何が起こっているのかわからず困惑する人に、あきらかに動揺する人。
出迎えの時は、由緒正しき公爵家の養子に収まった孤児がどんな人間か見てやろうという好奇心と、孤児ごときが最高位の貴族の仲間入りしたことを羨む敵愾心がごちゃ混ぜになっていて居心地が悪かったけれど、この状況もなかなかのものだ。
「あの……、僕、もう歩けますので」
いたたまれなくなってそう申し出ると。
「いえ、このままでお願いいたします」
キッパリと断られ、口を噤む。
執事長には何か考えがあるのだろうが、なんだか見世物にでもなったようで居心地が悪すぎる。
──注目されるのは苦手だ。
身の置きどころがない感じというのは、こういうことだな、なんて思っていると、次に放たれた言葉に凍りついた。
「見せしめのためには、まずは事実をありのままに見せつける必要性がございますので」
俺のことを気にかけてくれているのだと思った後だけに、『見せしめ』という言葉を聞いた落胆と失望は大きかった。
さっきの謝罪は、時間が差し迫っていた場面での、その場しのぎの対応だった可能性もある。

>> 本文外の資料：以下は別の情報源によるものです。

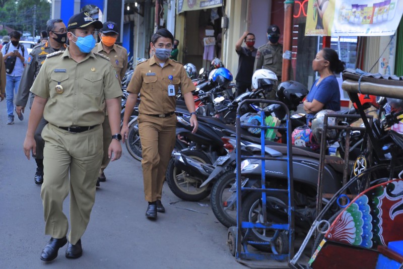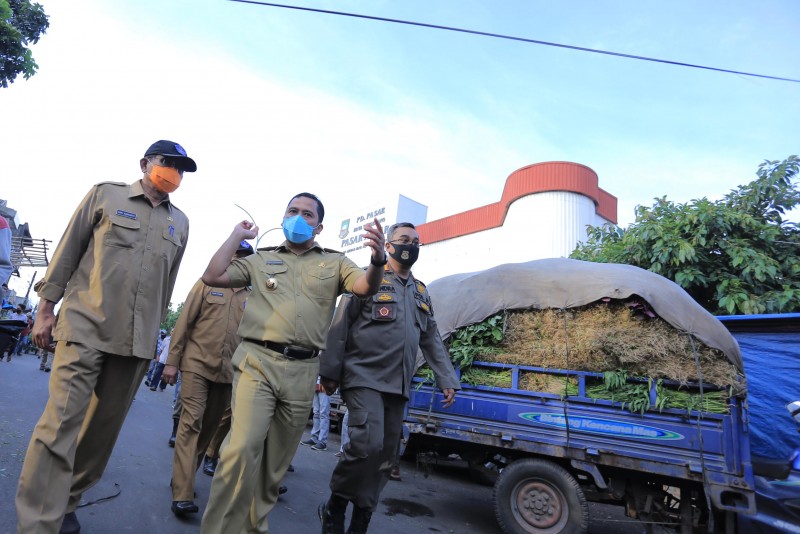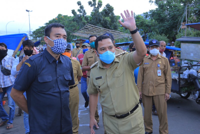 Wali Kota Tangerang Arief R. Wismansyah bersama Wakil Wali Kota Sachrudin serta Sekda Kota Tangerang Herman Suwarman melakukan evaluasi PSBB dengan sidak ke sejumlah pasar tradisional yang berada di wilayah Kota Tangerang.
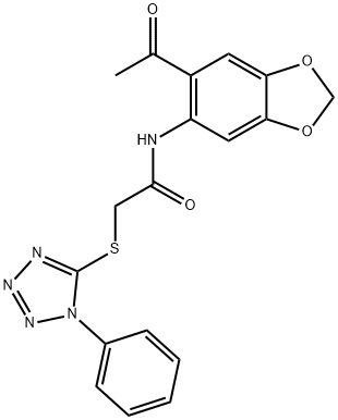 - Synonyms: N-(6-acetyl-1,3-benzodioxol-5-yl)-2-[(1-phenyl-1H-tetrazol-5-yl)sulfanyl]acetamide Acetamide, N-(6-acetyl-1,3-benzodioxol-5-yl)-2-[(1-phenyl-1H-tetrazol-5-yl)thio]-

どう解釈すればいいのか迷っていると、執事長は俺の様子に気付いたのか、気遣わしげに視線を落とし、俺にしか聞こえないような声で呟いた。
「……シリル様には今しばらくご辛抱いただきたく存じます」
俺には彼が何を目論んでいるのかよくわからないままだったが、今はその困惑を悟られないよう、ギュッと目を閉じておくことしかできなかった。
◇
「旦那様が指定された時間まで、こちらで少々お待ちください」
その言葉と共にそっと床におろされたところで目を開けた。
足元が予想よりも随分柔らかい感触だったことで一瞬身体のバランスを崩しかけながらも、素早く体勢を立て直し、室内に視線を巡らせる。

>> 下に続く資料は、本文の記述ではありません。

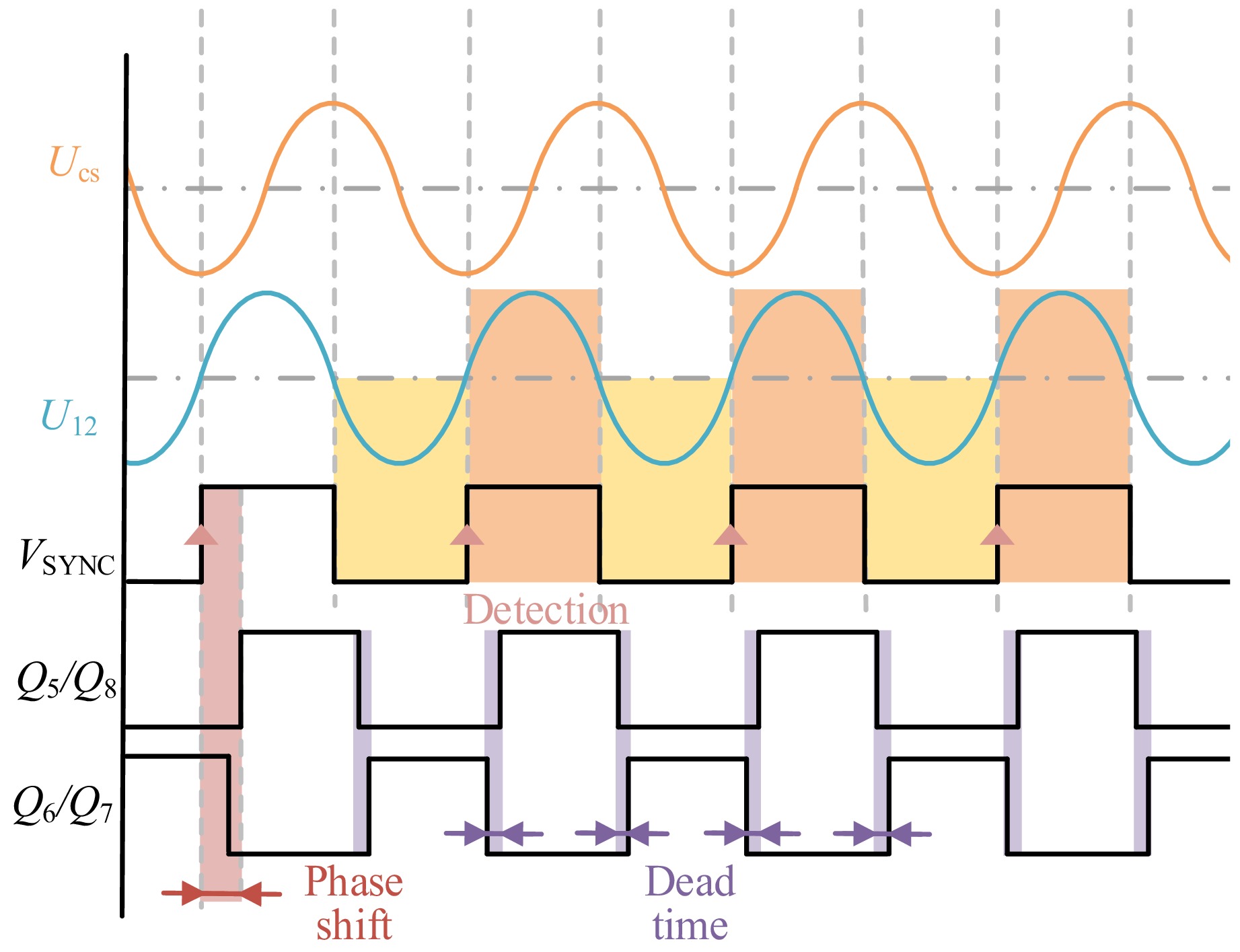$ {\dot U_{12}} = {\dot U_1} - {\dot U_2} = \dfrac{{ - j\omega {C_1}M{R_1}{{\dot U}_1}}}{{(1 + j\omega {C_1}{R_1})[({R_p}({R_L} + {R_s}) + {{(\omega M)}^2}){C_s}]}} $ (17) Based on the above equations, Ucs is processed through capacitive voltage division and common-mode signal filtering using C1 and C2, resulting in voltage U12. This voltage is then fed through a resistor into a high-speed comparator, which generates the synchronization signal VSYNC for the MCU as shown in the timing diagram in Fig. 5. When U12 > 0, the high-speed comparator outputs a high-level signal, and when U12 < 0, it outputs a low-level signal. The high-speed comparator sends a pulse signal to the MCU upon obtaining the synchronization signal, as shown in Fig. 3. The MCU compares the pulse signal, adjusts the phase and pulse frequency, and controls the switching of Q5 to Q8, achieving SR. Additionally, by controlling the dead time and phase, soft switching is realized on the secondary side, significantly reducing the turn-off losses of GaN devices and enhancing the overall system efficiency.

歩いたら足が沈む毛足の長い絨毯に、見るからに高そうなソファーとローテーブル。
応接室のようにも思えたけれど、それにしては違和感を感じる部屋だった。
公爵家の応接室にしては少し手狭にも思える広さの部屋は、窓が一切なく四方は壁で、そのうちの一カ所には大きな鏡という特殊仕様だった。
その上、出入口は二重扉という厳重ぶり。
俺の乏しい想像力では、密談か監禁くらいしかこの部屋の用途を思い付かなかった。
(ただの孤児と話すだけにしては、厳重すぎる気もするけど……)
それにしても、ソファーの前側にある壁に掛けられた大きな鏡の用途がわからない。
前世ではとっくに成人していたこともあって、一瞬不適切な想像が頭を過ったが、すぐに頭の隅に追いやった。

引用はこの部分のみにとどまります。